Databases and Training¶
Sugaroid uses an sqlite3
-type database for portability. All the
responses are explicitly saved and trained on sugaroid. Sugaroid has two
types of training: 1. Supervised training 2. Unsupervised training
Supervised training¶
Supervised training is a list of proper responses, most commonly
collected from the Stanford Question Answering Dataset (Natural) (SQuAD
2.0 from Stanford NLP,
attribution to Rajpurkar & Jia et al. ’18). Other reponses are manually
trained from interactions during testing. All the responses are saved to
~/.config/sugaroid/sugaroid.db
which is opened in read-only mode
during production mode to prevent people from tampering with the
dataset. At local testing, it is possible to teach sugaroid a sequel of
responses and this will appended to the SQL database. Using Naive
Bayers algorithm.
Unsupervised Training¶
Unsupervised training are a community collected dataset. The sources of
data, are obviously from the community, on its hosted
sugaroid.srevinsaju.me instance on
Microsoft Azure, frontend on AWS. This data are also appended to the SQL
database like Supervised Training but they
are saved with lesser confidence ( 0.1 * confidence_from_statement
), as data from community needs to undergo refining.
sqlite3
¶
Sugaroid’s backend module is sqlite3
against the conventional MySQL
or MariaDB adapters. sqlite3
was chosen considering its portability
alone. Despite higher IO operations on sqlite3
, community data
collection becomes easier because sqlite3
databases are more or
less, a single file. Another problem it solves is the different ways in
which the operating systems consider the file path to be. Using
sqlite3
helps to keep consistency in case. (For Windows, mysql
is case insensitive, but on GNU/Linux/UNIX its case sensitive). Using
sqlite3
solves that problem.
Privacy policy¶
Sugaroid collects data from its users which are then used to train. This
is done through cookies, on the first response you provide to sugaroid
(on the web interface), on adding the bot to your discord channel (on
the Discord adapter). However, your data is completely safe, and is not
collected for training purposes if its (i) self hosted (ii) run as a
desktop / command line app. All data on the desktop version is still
appended to your respective configuration folders, which is, for
example, on Linux, ~/.config/sugaroid/sugaroid.db
and on Windows its
C:\Users\foobar\AppData\Local\sugaroid\sugaroid.db
.
Note:
AppData
folder is normally hidden on Windows, manually “Show all hidden folders” to see the AppData folder.

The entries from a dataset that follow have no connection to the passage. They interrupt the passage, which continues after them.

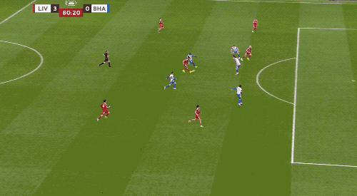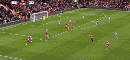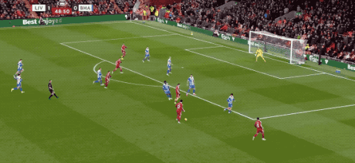 第40分钟,还是来自萨拉赫的传球,基耶萨的射门,被范赫克伸出一脚,完成解围。
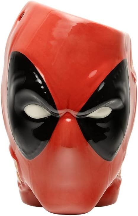Masacre, o Deadpool, el mercenario bocazas de Marvel, cuidará a partir de ahora tus plantas. Si, como lees, este bote macetero de 13 cms es ideal para tener tus plantitas en casa a la forma Marvel. O si lo prefieres, puedes usar esta cabeza de Deadpool a modo de bote para bolígrafos o lápices de colores, como los que usa Deadpool para pintar sus cuadros. Está hecho de cerámica y no es apto para lavar en lavavajillas. Pero si que es apto para fardar de tener una cabeza de Deadpool con una de las clásicas expresiones del antihéroe de Marvel. Viene en una caja temática del singular personaje.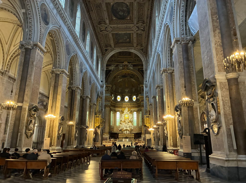 お次はナポリの守護聖人サン・ジェンナーロのナポリ大聖堂(Duomo di Santa Maria Assunta)。正直、ナポリのゴミゴミした街からは明らかに異質で浮いてます。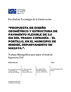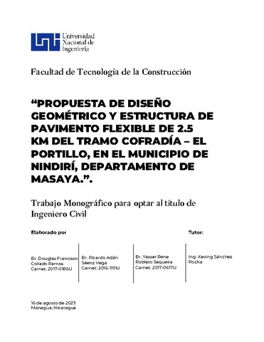 Collado Ramos, Douglas Francisco and Sáenz Vega, Ricardo Adán and Robleto Sequeira, Yasser Rene (2023) Propuesta de diseño geométrico y estructura de pavimento flexible de 2.5 km del tramo cofradía – el portillo, en el municipio de Nindirí, departamento de Masaya. Other thesis, Universidad Nacional de Ingeniería.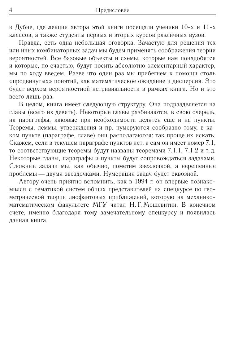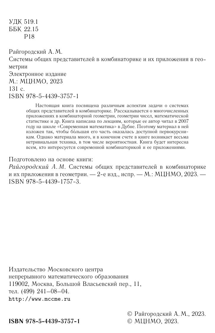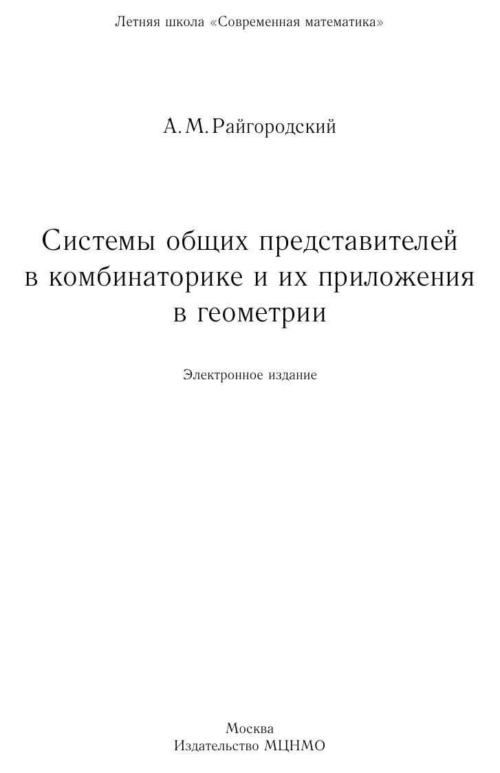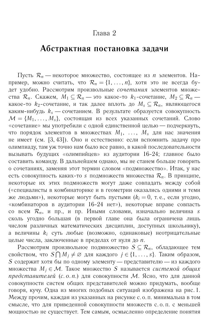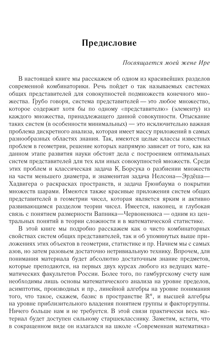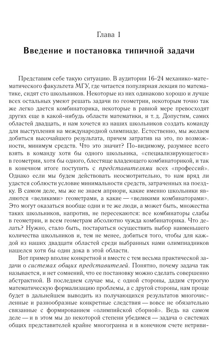 Настоящая книга посвящена различным аспектам задачи о системах общих представителей в комбинаторике. Рассказывается о многочисленных приложениях в комбинаторной геометрии, геометрии чисел, математической статистике и др. Книга написана по лекциям, которые ее автор читал в 2007 году на школе «Современная математика» в Дубне. Поэтому материал в ней изложен так, чтобы большая его часть оказалась доступной первокурсникам. Однако материала много, и в конечном счете в книге возникает весьма нетривиальная техника, в том числе вероятностная. Книга будет интересна всем, кто интересуется современной комбинаторикой и ее приложениями.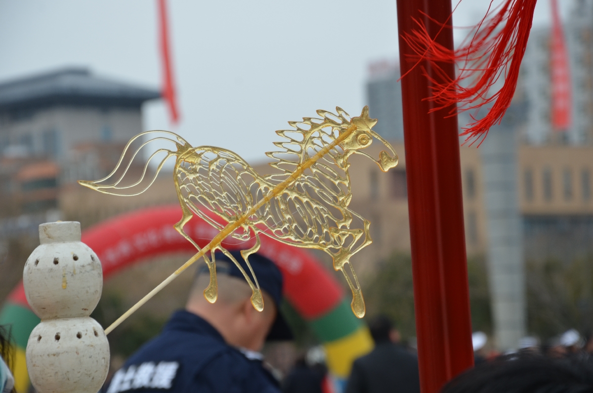 在绘制造型时,民间手工艺人用小汤勺舀起溶化了的糖汁,在石板上飞快地来回浇铸,画出造,可见手上功夫便是造型的关键。当造型完成后,随即用小铲刀将糖画铲起,粘上竹签,糖画形象栩栩如生。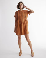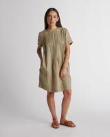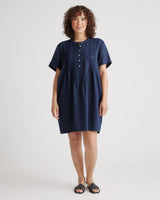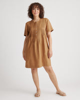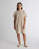 Short-sleeved, relaxed style. Super versatile and easy to wear. Featuring pin-tucking up top, shell buttons, and pleat detailing. Our linen collection is made from 100% European flax linen—an eco-friendly, and resource-light material.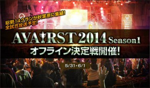 5月上旬から予選が行われた「AVA RST2014 Season1」の最終トーナメントには、「爆破」部門8クラン、「護衛」部門6クランの計14クランが参戦します。試合は選手たちが実際に顔を合わせるオフラインで行われますが、今回は観覧募集は行わないため、全試合を会場から生中継いたします。

Investigating data from the database¶
There are certain cases when you would like to analyze the data stored
in the database, or you would like to do some debugging. In all such
cases, the path to the sugaroid.db
is very much useful. All you need
is an sqlite3
binary, which is available for all platforms.
Download
sqlite3
from here
And then, start investigating by
$ sqlite3 ~/.config/sugaroid/sugaroid.db
This will open a prompt, where you can enter most commands;
Apart from the main database, sugaroid
also stores data in *
~/.config/sugaroid/sugaroid.db
*
~/.config/sugaroid/sugaroid.trainer.json
*
~/.config/sugaroid/sugaroid_internal.db
*
~/.config/sugaroid/data.json
Along with SQL, we have also used JSON type files for configuration alone.